Kadambam is a delicious south Indian rice (in this case millets) based dish. While it resembles bisibelebath in appearance, it tastes different.
About Little Millet
Little Millet is high in healthy fats in addition to all the general millet characteristics (gluten-free, low glycemic index, high fibre, etc). It also has the smallest grains, so cooks faster than the other millets.
Little Millet is also called Same (in Kannada), Samai (in Tamil), Samalu (in Telugu) and Kutki (in Hindi)
About Proso Millet
Proso Millet has the largest grain among the millet rices in addition to all the general millet characteristics (gluten-free, low glycemic index, high fibre, etc). It is golden in colour, so it’s also called the golden Millet. Proso millet is a part of the staple diet of many cultures.
Proso Millet is called as Variga (in Telugu), Baragu (in Kannada), Pani Varagu (in Tamil) or Chena (in Hindi)
- 200 grams Little millet/Proso millet rice
- 100 grams Toor daal
- 0.25 table spoon Nutmeg powder
- 1.25 tea spoon Sambhar Powder
- 2 tea spoon Tamarind Paste
- 1 tea spoon Jaggery
- 1.5 tea spoon Salt
- 2 table spoon Grated Dry Coconut (Copra)
- 50 grams raw banana
- 50 grams Pumpkin
- 50 grams Sweet potato
- 50 grams Beans
- 50 grams Carrot
- 50 grams Peas
- 50 grams tomatoes
- Cook millets, daal and vegetables in separate vessels in a pressure cooker.

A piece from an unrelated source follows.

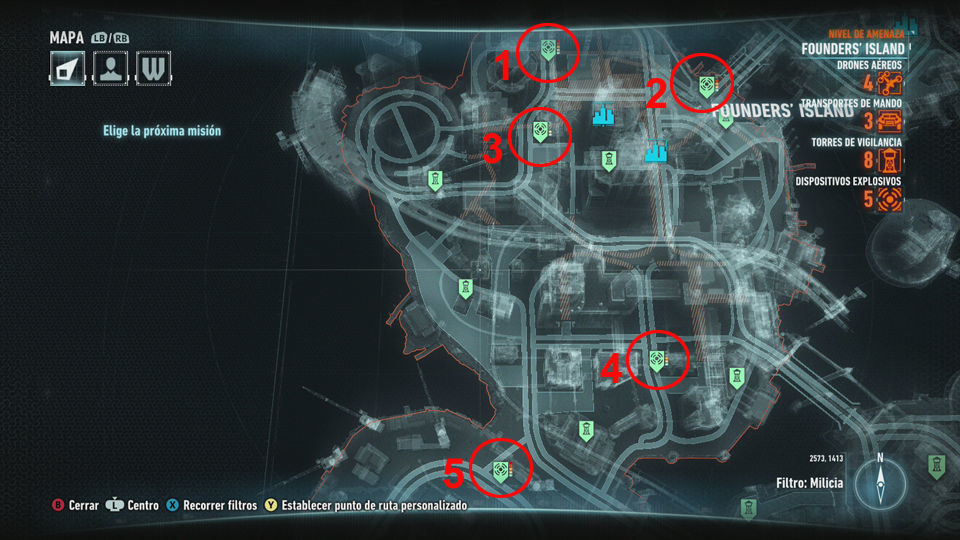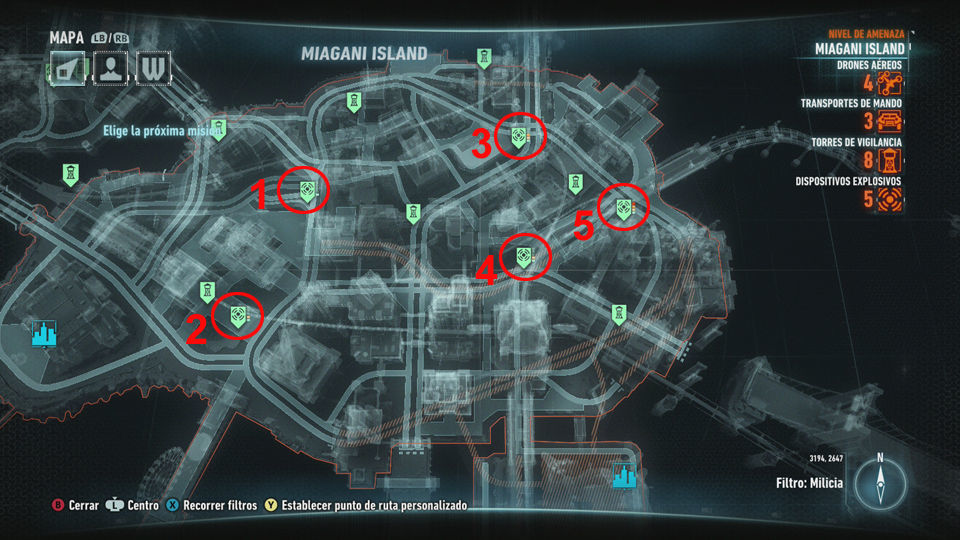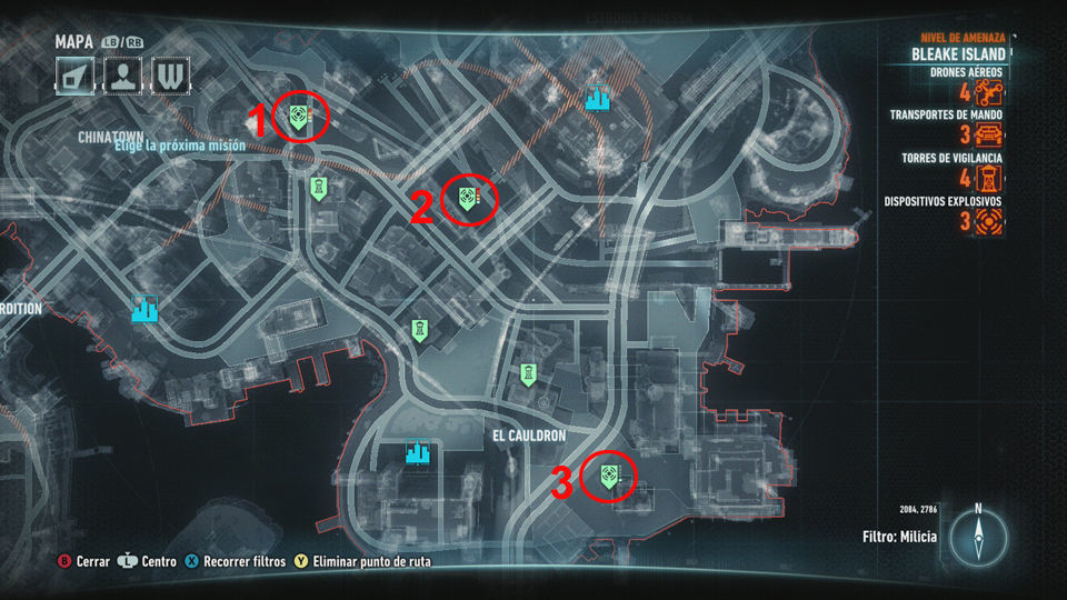 Encunentra y destruye todos los explosivos instalados por la milicia. Esta misión secundaria salta cuando estamos siguiendo el rastro del coche que secuestro a Oráculo usando el escaner forense, aquí hacemos la primera de Bleake Island.

- Once the vegetables are cooked, move the vegetables to a pan , saute them using ghee.
- Add the above cooked millet, daal into the pan. Add nutmeg powder, sambhar powder, tamarind paste, jaggery, salt to the pan while stirring. Ensure that the vegetables are not mashed. Add water to obtain the desired consistency.
- Boil the above for a minute or two. Add coriander leaves, dry grated coconut for garnishing.